▸ EXERCISE REQUIREMENTS
Stop at the line containing "特にメフィストランは道中の骨": write out every line from the beginning of the entries up to and including it, minus the pictures.

Items from a dataset
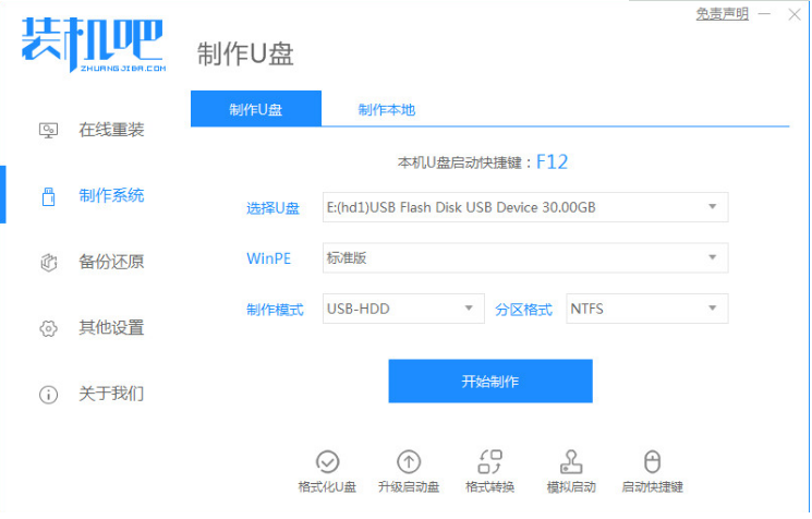 1、下载装机吧一键重装系统,准备一个U盘,选择制作系统,点击开始制作。
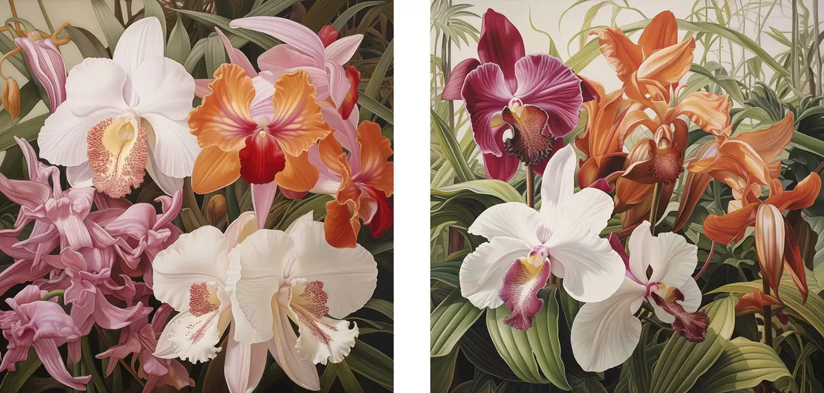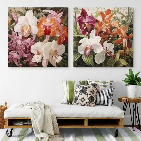Paveikslas Tropinių gėlių puokštė, orchidėjos su žaliais lapais fone Nr m30197
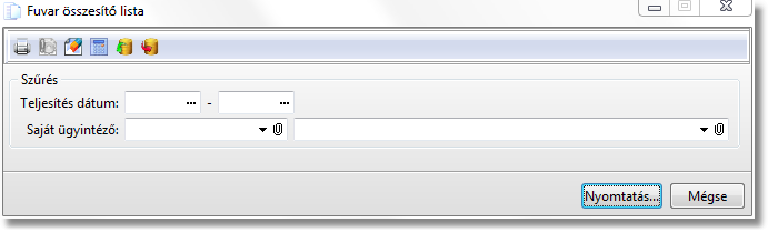 Funkció elérése menüszerkesztéskor: Cégfüggő / Fuvar összesítő
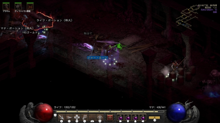 特にメフィストランは道中の骨チビがどうにもやっかいで疎遠でしたが、保険のローブリンガーを持って、道中をぽんぽんテレポで飛んでいけばさくっとメフィストまでたどり着けます。
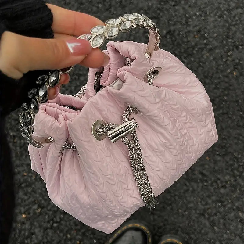 Glamorize your look with this timelessly sophisticated mini handbag! Adorned with statement-making rhinestone leaf handle and crafted with quilted pattern, it is perfect for any elegant occasion. Featuring a drawstring closure and a fixed shoulder strap for easy transport and a wristlet for added security, this versatile solid-colored bag will be an exquisite addition to your style.
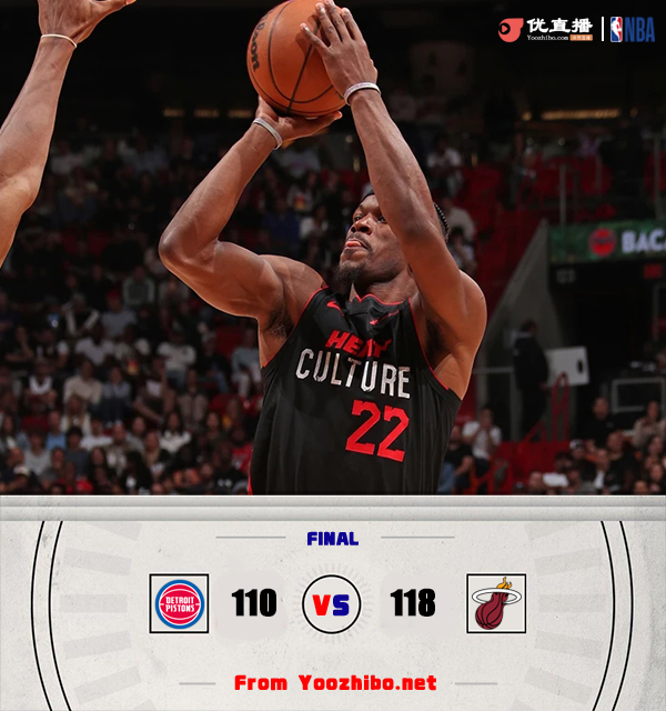 24直播网3月6日讯 NBA常规赛热火主场对阵活塞,热火目前排在东部第七,活塞则是遭遇2连败排在东部倒数第二。开场后热火虽然有些慢热但他们没有多久便找到节奏建立领先,马丁替补登场后表现出色连连拿分,但第二节比赛活塞打出气势将比分追上。下半场两队陷入拉锯战,热火稍微拉开比分活塞就马上掀起反扑将比分咬住,最后一节热火发挥稳定将领先优势保持到最后,巴特勒关键时刻连得5分杀死比赛,最终热火118-110送给活塞3连败。

▸ YOUR SOLUTION
 1、下载装机吧一键重装系统,准备一个U盘,选择制作系统,点击开始制作。
Paveikslas Tropinių gėlių puokštė, orchidėjos su žaliais lapais fone Nr m30197
 Funkció elérése menüszerkesztéskor: Cégfüggő / Fuvar összesítő
 特にメフィストランは道中の骨チビがどうにもやっかいで疎遠でしたが、保険のローブリンガーを持って、道中をぽんぽんテレポで飛んでいけばさくっとメフィストまでたどり着けます。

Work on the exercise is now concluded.